SouthWestmom · 29/01/2016 12:36

I totally agree re the comments on the headscarves and other coverings. No idea of an earlier posters reference to her Scottish granny wearing one being comparable.
My friend began wearing a headscarf and has told me how men are more respectful towards her now. That's just sad not liberating.

Alisvolatpropiis · 29/01/2016 12:38

IPity

Good, I am glad you don't feel the need to justify.

I took my husbands name when I married, that's quite the hot potato on MN and the non feminist choice I made. I'm happy with that choice.

Wordsaremything · 29/01/2016 14:17

Wearing a headscarf is not a clothing choice. It's an act of submission and a very visible one. Thank you to the previous poster who shared her own experiences.

Language classes for all immigrants-excellent plan. Unfortunate the funding was cut in the first place, and linking it to extremism was clumsy and tenuous at best( aren't they mainly radicalised over the Internet and at the mosque? )My concern regarding Muslim women is that it won't reach those in most need - the ones who aren't allowed out of the house unaccompanied, who live subservient lives. Surely no culturally conservative' Muslim man would wish to empower his female relatives in such a way.

originalmavis · 29/01/2016 14:41

I'm still not sure why it was one religious group targeted. I've encountered people of other religion and none who have lived in the uk (even born here) who have spoken very little English.

Likereally · 29/01/2016 14:43

Yes, the hijab and everything else people who follow Islaam do IS an act of submission - to God. It is based on the principle that they believe Islaam to be the ultimate truth.

It stands to reason that if you do not share the faith you will not follow its guidelines, and that is the bottom line!

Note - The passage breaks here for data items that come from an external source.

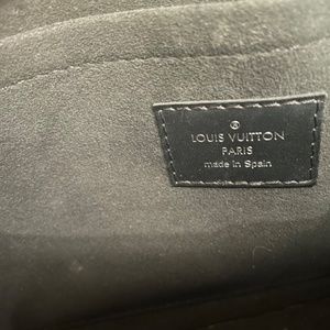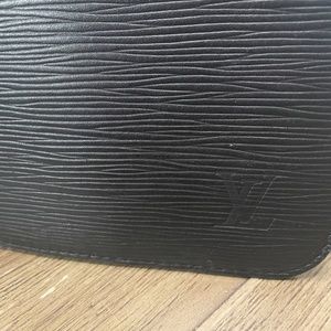 Authentic Louis Vuitton Neverfull Epi Wristlet. Black leather with silver hardware and a microfiber interior. Can be used as a clutch or wristlet or small makeup bag.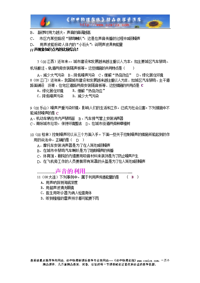 - 下一份试卷:2008年中考物理试题分类汇编—声现象综合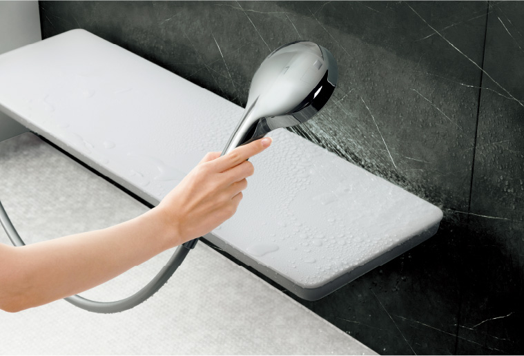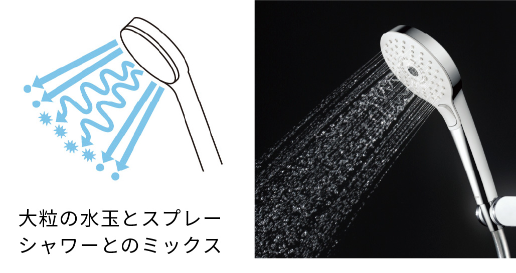 ウエーブ&スプレー2つの水流で、軽快な刺激のある浴び心地。メーカー比35%の節水効果も実現しました。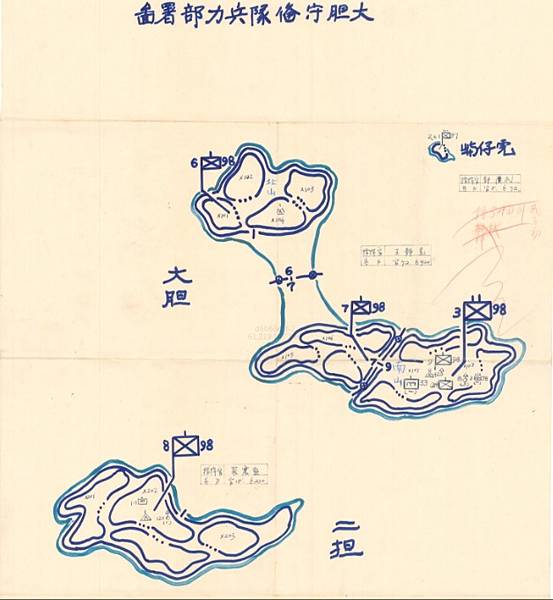 在蔣先生視察後,33師師長呈交之烈嶼戰備簡報.我僅挑用大二膽部分.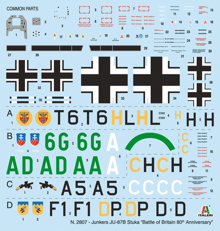 Italeri - 1/48 Junkers Ju-87B 'Stuka' 80th Anniversary of the Battle of Britain. Super Decals Sheet For 4 Versions Photo Etched Fret Color Instructions SHEET
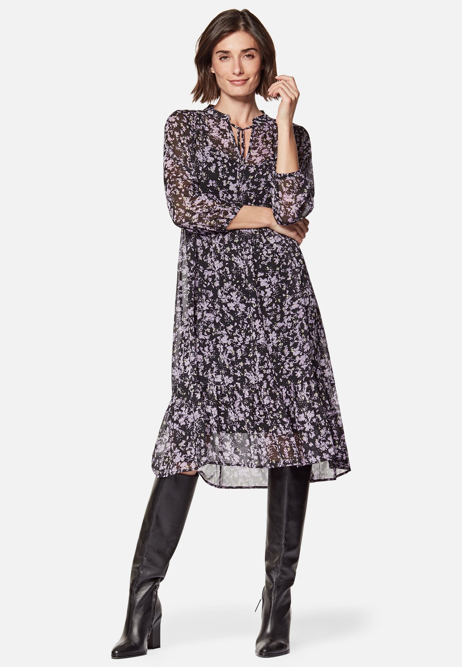 chiffon kleid schwarz langarm

To write derogatory comments about the Islamic faith under the guise of discussion shows what kind if hateful person YOU are - it is fine to disagree with someone in a nice manner but have to resort to ill mannered venting just exposes you own prejudices.

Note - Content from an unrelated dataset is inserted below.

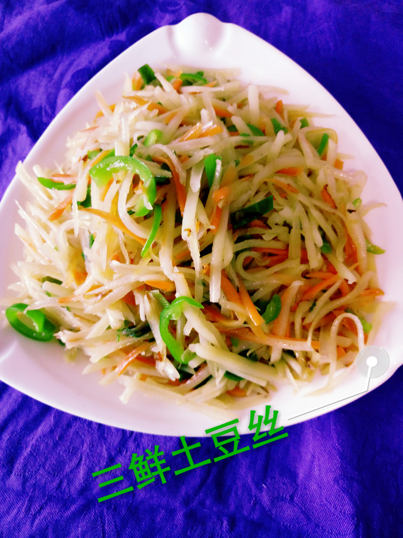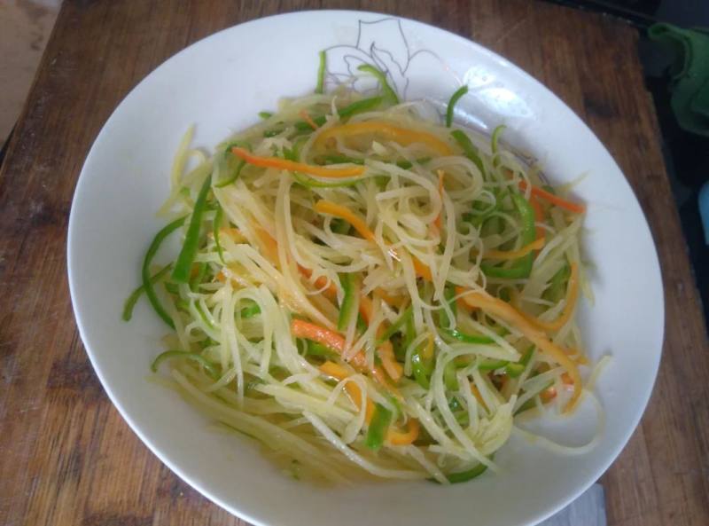 1:土豆,青椒,胡萝卜,洗净切丝备用

originalmavis · 29/01/2016 14:51

Not all Muslim women choose (or are made) to cover their hair and/or face. It's more cultural than religious and is one of those topics which is debated.

Not the point in a language thread, although I do wonder how the deaf manage in a country where the norm is for women and women not to really mix, and for women to cover the face outside the home.

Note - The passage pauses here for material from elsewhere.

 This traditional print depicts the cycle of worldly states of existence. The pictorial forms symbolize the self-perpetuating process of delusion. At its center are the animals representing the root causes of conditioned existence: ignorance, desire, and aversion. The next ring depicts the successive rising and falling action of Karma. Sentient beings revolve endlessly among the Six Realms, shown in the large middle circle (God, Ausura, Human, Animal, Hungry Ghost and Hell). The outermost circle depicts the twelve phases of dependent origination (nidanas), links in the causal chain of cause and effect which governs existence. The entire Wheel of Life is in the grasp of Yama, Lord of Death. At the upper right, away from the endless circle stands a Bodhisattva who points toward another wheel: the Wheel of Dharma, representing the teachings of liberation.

Likereally · 29/01/2016 14:51

A woman who wears the hijab may look down upon a woman who isn't a Muslim and doesn't dress modestly - and everyone will have a lot to say about that.

Some of the posters here are doing the same but the other way around - condemning and looking down on women who chose to obey God and values modesty as part of their faith.

Seriously need to be less narrow minded.

SouthWestmom · 29/01/2016 15:06

Funny how modesty for men is a bit more straightforward and less restrictive. (from that link)

Most Muslims accept that for men everything between the navel and the knee is awrah and therefore should be covered at all times.

Women

Rules for women are more complicated. There are a number of scenarios for women:

In front of unrelated men (Muslim or non-Muslim), women must cover everything except the hands and face
In front of close male relatives, awrah is the navel to the knee and the stomach and the back
In front of other Muslim females, awrah is from the navel down to, and including, the knees
Awrah in front of non-Muslim women is a point of debate:
Some scholars say that women should cover all but the hands and face. This is to prevent non-Muslim women (who may not understand the rules regarding hijab) from describing the appearance of the hijab wearer to other men
Other scholars say that if a non-Muslim woman can be trusted not to describe a woman's appearance to other men, then she may reveal as much as she would in front of another Muslim woman in her presence.
The Hanafi school of thought, which is followed by most Muslims in the world, agree that the feet are not part of the awrah and therefore may be revealed.

Amongst other schools of thought a common opinion is that everything apart from a woman's face and hands is awrah. Scholars holding this opinion use this hadith to justify it:

Likereally · 29/01/2016 15:08

Well mens and women's bodies are different lol - but the same principle to be modest applies to both sexes.